Also für Modder ist der Array sicher sehr gut geeignet, weil das äußere sehr schlicht ist, und man da noch viel machen kann.
Auf einem deiner Bilder sieht man gut wie viel Platz da im Gehäuse ist wenn man den Festplattenkäfig rausnimmt.

Beim Q08 kann man auf jeden Fall eine H50/70 ohne alzu großen Aufwand einbauen.
Auch beim Silverstone Sugo 07 geht eine H70 mit leichten Abstrichen rein.
Bei den kleinen Gehäusen sind kompakte WaKüs eigendlich das einzig Wahre wenn man ne leistungsstarke CPU kühlen will.

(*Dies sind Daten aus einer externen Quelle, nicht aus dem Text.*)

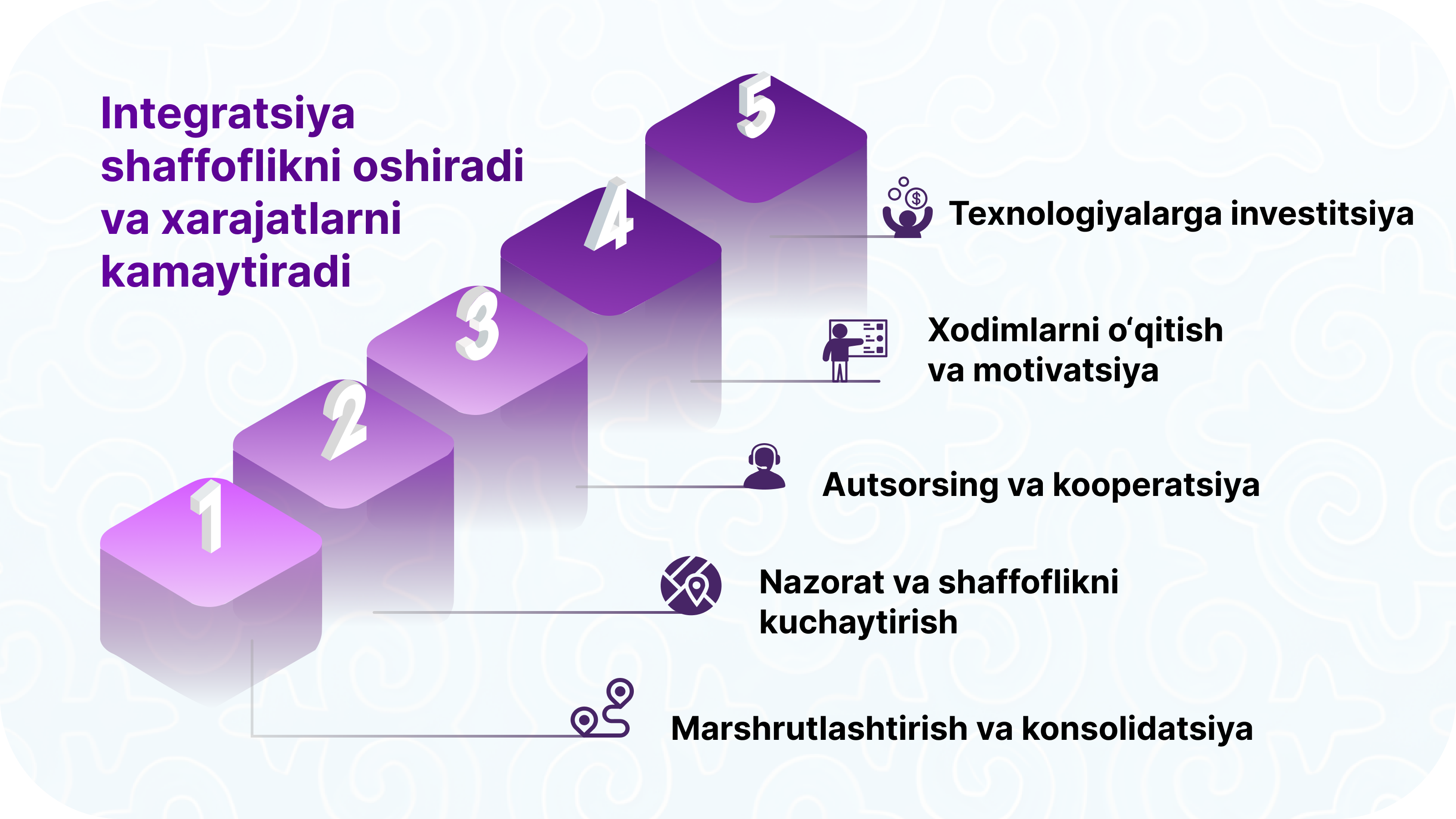 Zamonaviy ishlab chiqaruvchilar va distribyutorlar uchun asosiy tamoyil — butun zanjirni nazorat qilish, faqat yakuniy kilometrni emas. Shu sababli integratsiyalashgan model muhim, bunda importdan tortib yetkazib berishgacha bo‘lgan barcha bo‘g‘inlar yagona tizimga ulanadi.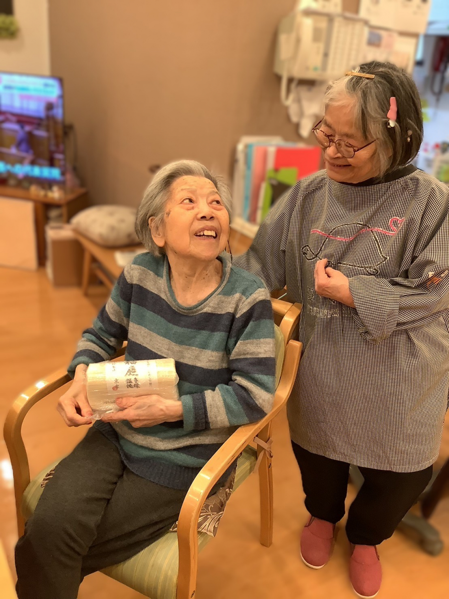 笑顔で手渡されると、受け取ったご入居者様も「ありがとうございます」と嬉しそうなご様子でした。お二人でお話しされる姿からは、温かい交流のひとときが感じられました。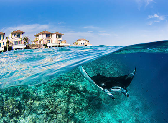 InterContinental Maldives Maamunagau Resort окружен живописной лагуной и густонаселенным домашним рифом, где можно повстречать самых экзотических обитателей Индийского океана. Это десятки видов кораллов, пышные анемоны, в щупальцах которых скрываются любопытные рыбы-клоуны, стаи снэпперов, луцианов, наполеонов и рыб-хирургов, величавые черепахи, скаты различных видов, мурены, причудливые моллюски, рифовые акулы… Мало впечатлений? Совершите незабываемую экскурсию в Ханифару-Бэй, где можно поплавать в компании величественных китовых акул и мант!

€dit: kannst ja irgendso nen "Modders Choice" Award einführen ^^


----------



## FTS (10. November 2010)

Danke für den Tipp Schlappe,
ich habe es sofort übernommen.
Muss aber später noch mal am
Design feilen 
MfG Jack


----------



## SaKuL (19. November 2010)

Nettes Review, sehr gut gemacht
Sieht ein bisschen ziemlich viel nach Lian Li PC-Qo8 aus


----------



## FTS (19. November 2010)

Hi SaKuL,
es freut mich sehr, dass dir mein Review gefallen hat.
Naja also vom Material sicher ein wenig, aber die Form
ist doch schon anders. Obwohl vielleicht wenn man das
Q08 hinlegt. Jedoch ist das Array R2 doch ein Stück
größer (;
Ich werde demnächst ein weiteres Case aus dem Hause
Fractal Design testen dürfen (: Genaueres verrate ich
noch nicht. Aber ich lasse es euch dann wissen!

Grüße Jack


----------



## riedochs (14. Juli 2011)

Ich betreibe mal Leichenschändung 

Hat das Gehäuse jemand in Betrieb mit mehreren Festplatten? Ich will 4 WD Green reinpacken. Wie sieht es da mit der Temperaturentwicklung aus. Mainboard dürfte wohl nur MiniITX gehen oder geht auch was größeres?

EDIT: Geht da auch µATX rein?


----------